**Exercise details:** Leaving the pictures aside, repeat each line below exactly.

**Data for analysis:**
+ + +
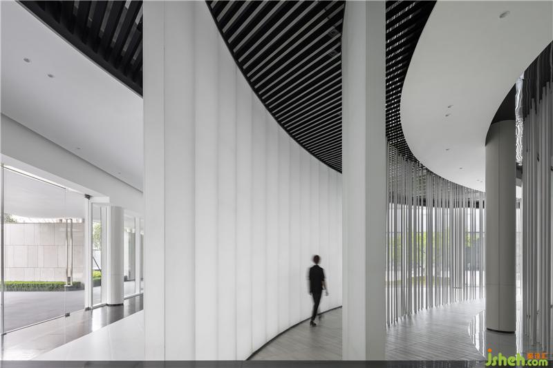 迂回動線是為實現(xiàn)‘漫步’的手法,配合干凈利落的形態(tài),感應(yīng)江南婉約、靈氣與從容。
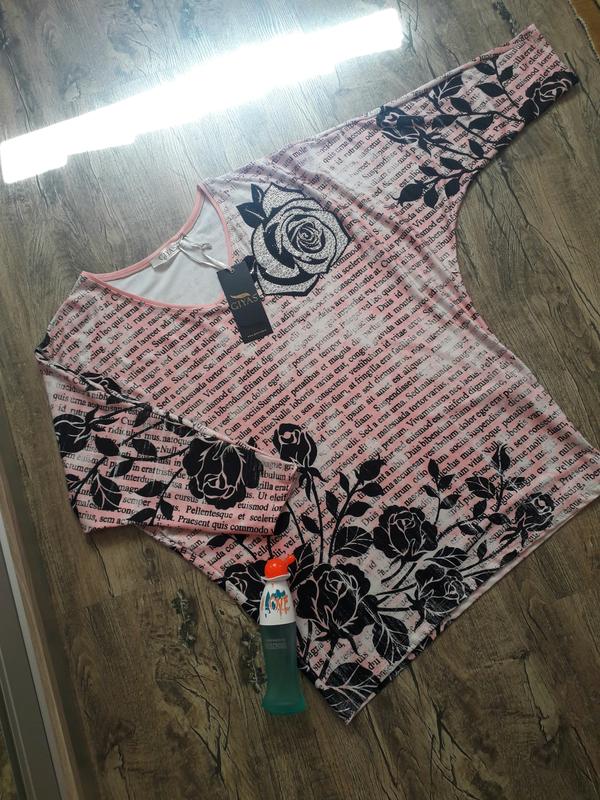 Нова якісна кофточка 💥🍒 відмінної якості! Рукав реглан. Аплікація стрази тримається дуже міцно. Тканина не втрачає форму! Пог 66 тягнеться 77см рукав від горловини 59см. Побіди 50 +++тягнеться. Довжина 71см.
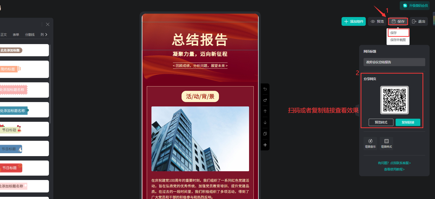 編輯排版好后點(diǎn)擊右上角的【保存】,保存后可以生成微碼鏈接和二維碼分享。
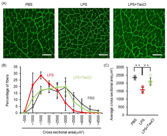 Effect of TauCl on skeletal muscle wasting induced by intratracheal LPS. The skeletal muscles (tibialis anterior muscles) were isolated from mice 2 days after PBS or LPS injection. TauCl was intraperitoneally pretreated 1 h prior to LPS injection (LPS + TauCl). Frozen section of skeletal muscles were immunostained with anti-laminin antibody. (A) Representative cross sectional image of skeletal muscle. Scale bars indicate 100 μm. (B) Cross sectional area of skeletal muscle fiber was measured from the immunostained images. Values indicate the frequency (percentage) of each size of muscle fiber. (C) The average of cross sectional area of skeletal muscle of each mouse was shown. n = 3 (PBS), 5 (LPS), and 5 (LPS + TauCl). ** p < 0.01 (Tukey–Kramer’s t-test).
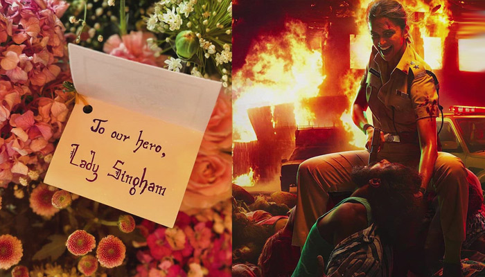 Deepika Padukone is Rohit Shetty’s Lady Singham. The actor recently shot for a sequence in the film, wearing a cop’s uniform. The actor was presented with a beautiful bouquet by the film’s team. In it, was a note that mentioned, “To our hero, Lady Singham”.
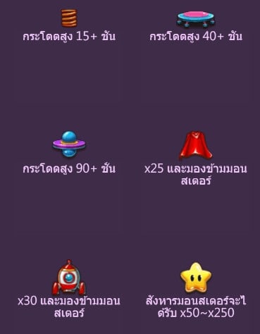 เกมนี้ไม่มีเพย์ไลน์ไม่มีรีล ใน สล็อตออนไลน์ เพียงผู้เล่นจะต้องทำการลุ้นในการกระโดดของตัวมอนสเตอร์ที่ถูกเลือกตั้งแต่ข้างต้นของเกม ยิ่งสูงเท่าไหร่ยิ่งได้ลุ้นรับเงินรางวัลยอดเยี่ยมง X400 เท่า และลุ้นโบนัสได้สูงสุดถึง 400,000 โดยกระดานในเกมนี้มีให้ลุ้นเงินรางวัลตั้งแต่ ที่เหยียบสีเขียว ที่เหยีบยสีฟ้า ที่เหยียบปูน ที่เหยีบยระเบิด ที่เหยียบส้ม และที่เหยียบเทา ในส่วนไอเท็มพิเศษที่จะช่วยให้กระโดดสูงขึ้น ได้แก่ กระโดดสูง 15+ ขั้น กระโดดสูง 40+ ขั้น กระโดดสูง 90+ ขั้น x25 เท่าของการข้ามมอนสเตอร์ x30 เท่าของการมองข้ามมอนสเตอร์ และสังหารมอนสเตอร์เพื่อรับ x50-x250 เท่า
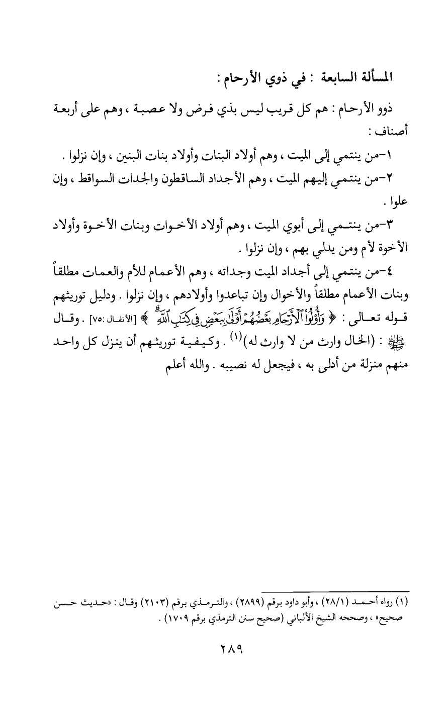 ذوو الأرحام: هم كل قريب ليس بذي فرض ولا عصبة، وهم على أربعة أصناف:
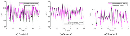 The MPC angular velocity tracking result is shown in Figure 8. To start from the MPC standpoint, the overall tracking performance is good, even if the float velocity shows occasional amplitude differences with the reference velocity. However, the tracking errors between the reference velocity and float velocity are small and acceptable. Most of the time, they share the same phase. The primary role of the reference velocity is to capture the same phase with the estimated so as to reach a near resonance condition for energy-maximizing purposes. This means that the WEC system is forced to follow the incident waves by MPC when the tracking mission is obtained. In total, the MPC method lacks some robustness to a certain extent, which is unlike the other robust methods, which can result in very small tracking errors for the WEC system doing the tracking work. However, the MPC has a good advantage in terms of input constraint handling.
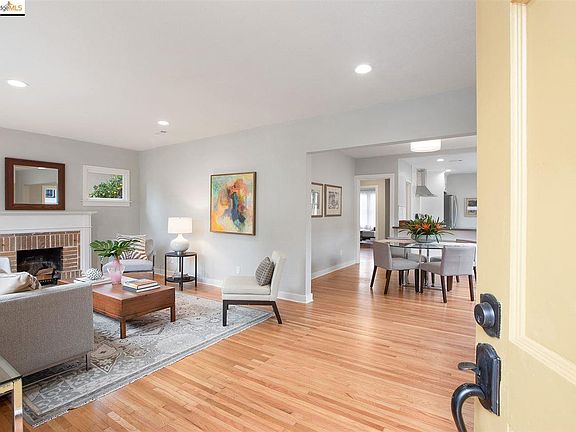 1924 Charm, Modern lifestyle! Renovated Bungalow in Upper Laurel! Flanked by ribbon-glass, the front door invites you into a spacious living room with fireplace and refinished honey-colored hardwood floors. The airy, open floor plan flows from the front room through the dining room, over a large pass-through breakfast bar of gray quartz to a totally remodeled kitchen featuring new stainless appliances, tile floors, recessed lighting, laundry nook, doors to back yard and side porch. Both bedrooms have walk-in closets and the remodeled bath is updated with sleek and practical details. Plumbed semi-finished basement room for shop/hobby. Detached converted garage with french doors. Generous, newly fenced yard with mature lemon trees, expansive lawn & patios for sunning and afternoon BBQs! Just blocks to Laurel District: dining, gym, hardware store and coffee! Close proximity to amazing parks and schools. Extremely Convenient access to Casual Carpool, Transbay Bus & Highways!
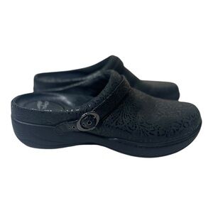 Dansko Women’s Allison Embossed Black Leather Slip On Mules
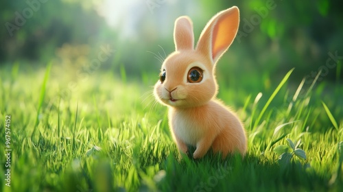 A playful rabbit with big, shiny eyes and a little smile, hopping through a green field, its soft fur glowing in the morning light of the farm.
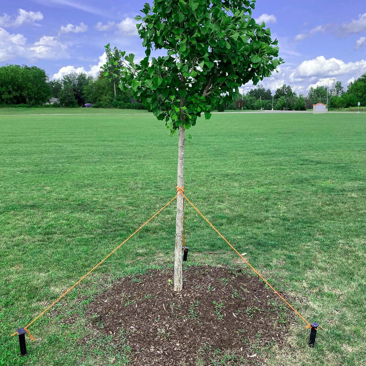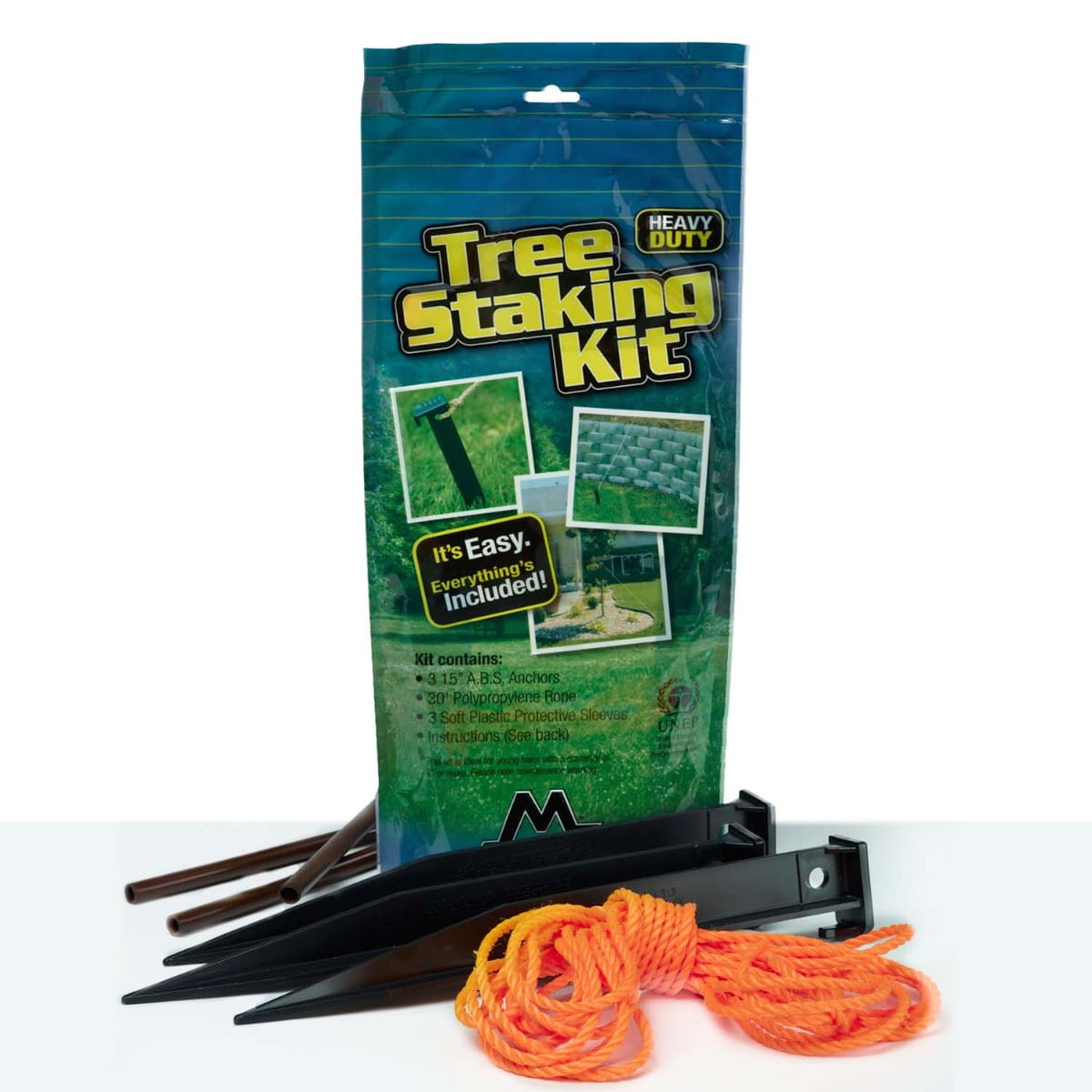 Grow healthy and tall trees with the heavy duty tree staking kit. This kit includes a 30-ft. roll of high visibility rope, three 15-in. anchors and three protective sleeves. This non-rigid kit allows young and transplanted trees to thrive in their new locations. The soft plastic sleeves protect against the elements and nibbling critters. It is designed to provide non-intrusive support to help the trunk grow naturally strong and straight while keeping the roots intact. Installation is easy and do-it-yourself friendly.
+ + +
**Response below:**
 迂回動線是為實現(xiàn)‘漫步’的手法,配合干凈利落的形態(tài),感應(yīng)江南婉約、靈氣與從容。
 Нова якісна кофточка 💥🍒 відмінної якості! Рукав реглан. Аплікація стрази тримається дуже міцно. Тканина не втрачає форму! Пог 66 тягнеться 77см рукав від горловини 59см. Побіди 50 +++тягнеться. Довжина 71см.
 編輯排版好后點(diǎn)擊右上角的【保存】,保存后可以生成微碼鏈接和二維碼分享。
 Effect of TauCl on skeletal muscle wasting induced by intratracheal LPS. The skeletal muscles (tibialis anterior muscles) were isolated from mice 2 days after PBS or LPS injection. TauCl was intraperitoneally pretreated 1 h prior to LPS injection (LPS + TauCl). Frozen section of skeletal muscles were immunostained with anti-laminin antibody. (A) Representative cross sectional image of skeletal muscle. Scale bars indicate 100 μm. (B) Cross sectional area of skeletal muscle fiber was measured from the immunostained images. Values indicate the frequency (percentage) of each size of muscle fiber. (C) The average of cross sectional area of skeletal muscle of each mouse was shown. n = 3 (PBS), 5 (LPS), and 5 (LPS + TauCl). ** p < 0.01 (Tukey–Kramer’s t-test).
 Deepika Padukone is Rohit Shetty’s Lady Singham. The actor recently shot for a sequence in the film, wearing a cop’s uniform. The actor was presented with a beautiful bouquet by the film’s team. In it, was a note that mentioned, “To our hero, Lady Singham”.
 เกมนี้ไม่มีเพย์ไลน์ไม่มีรีล ใน สล็อตออนไลน์ เพียงผู้เล่นจะต้องทำการลุ้นในการกระโดดของตัวมอนสเตอร์ที่ถูกเลือกตั้งแต่ข้างต้นของเกม ยิ่งสูงเท่าไหร่ยิ่งได้ลุ้นรับเงินรางวัลยอดเยี่ยมง X400 เท่า และลุ้นโบนัสได้สูงสุดถึง 400,000 โดยกระดานในเกมนี้มีให้ลุ้นเงินรางวัลตั้งแต่ ที่เหยียบสีเขียว ที่เหยีบยสีฟ้า ที่เหยียบปูน ที่เหยีบยระเบิด ที่เหยียบส้ม และที่เหยียบเทา ในส่วนไอเท็มพิเศษที่จะช่วยให้กระโดดสูงขึ้น ได้แก่ กระโดดสูง 15+ ขั้น กระโดดสูง 40+ ขั้น กระโดดสูง 90+ ขั้น x25 เท่าของการข้ามมอนสเตอร์ x30 เท่าของการมองข้ามมอนสเตอร์ และสังหารมอนสเตอร์เพื่อรับ x50-x250 เท่า
 ذوو الأرحام: هم كل قريب ليس بذي فرض ولا عصبة، وهم على أربعة أصناف:
 The MPC angular velocity tracking result is shown in Figure 8. To start from the MPC standpoint, the overall tracking performance is good, even if the float velocity shows occasional amplitude differences with the reference velocity. However, the tracking errors between the reference velocity and float velocity are small and acceptable. Most of the time, they share the same phase. The primary role of the reference velocity is to capture the same phase with the estimated so as to reach a near resonance condition for energy-maximizing purposes. This means that the WEC system is forced to follow the incident waves by MPC when the tracking mission is obtained. In total, the MPC method lacks some robustness to a certain extent, which is unlike the other robust methods, which can result in very small tracking errors for the WEC system doing the tracking work. However, the MPC has a good advantage in terms of input constraint handling.
 1924 Charm, Modern lifestyle! Renovated Bungalow in Upper Laurel! Flanked by ribbon-glass, the front door invites you into a spacious living room with fireplace and refinished honey-colored hardwood floors. The airy, open floor plan flows from the front room through the dining room, over a large pass-through breakfast bar of gray quartz to a totally remodeled kitchen featuring new stainless appliances, tile floors, recessed lighting, laundry nook, doors to back yard and side porch. Both bedrooms have walk-in closets and the remodeled bath is updated with sleek and practical details. Plumbed semi-finished basement room for shop/hobby. Detached converted garage with french doors. Generous, newly fenced yard with mature lemon trees, expansive lawn & patios for sunning and afternoon BBQs! Just blocks to Laurel District: dining, gym, hardware store and coffee! Close proximity to amazing parks and schools. Extremely Convenient access to Casual Carpool, Transbay Bus & Highways!
 Dansko Women’s Allison Embossed Black Leather Slip On Mules
 A playful rabbit with big, shiny eyes and a little smile, hopping through a green field, its soft fur glowing in the morning light of the farm.
 Grow healthy and tall trees with the heavy duty tree staking kit. This kit includes a 30-ft. roll of high visibility rope, three 15-in. anchors and three protective sleeves. This non-rigid kit allows young and transplanted trees to thrive in their new locations. The soft plastic sleeves protect against the elements and nibbling critters. It is designed to provide non-intrusive support to help the trunk grow naturally strong and straight while keeping the roots intact. Installation is easy and do-it-yourself friendly.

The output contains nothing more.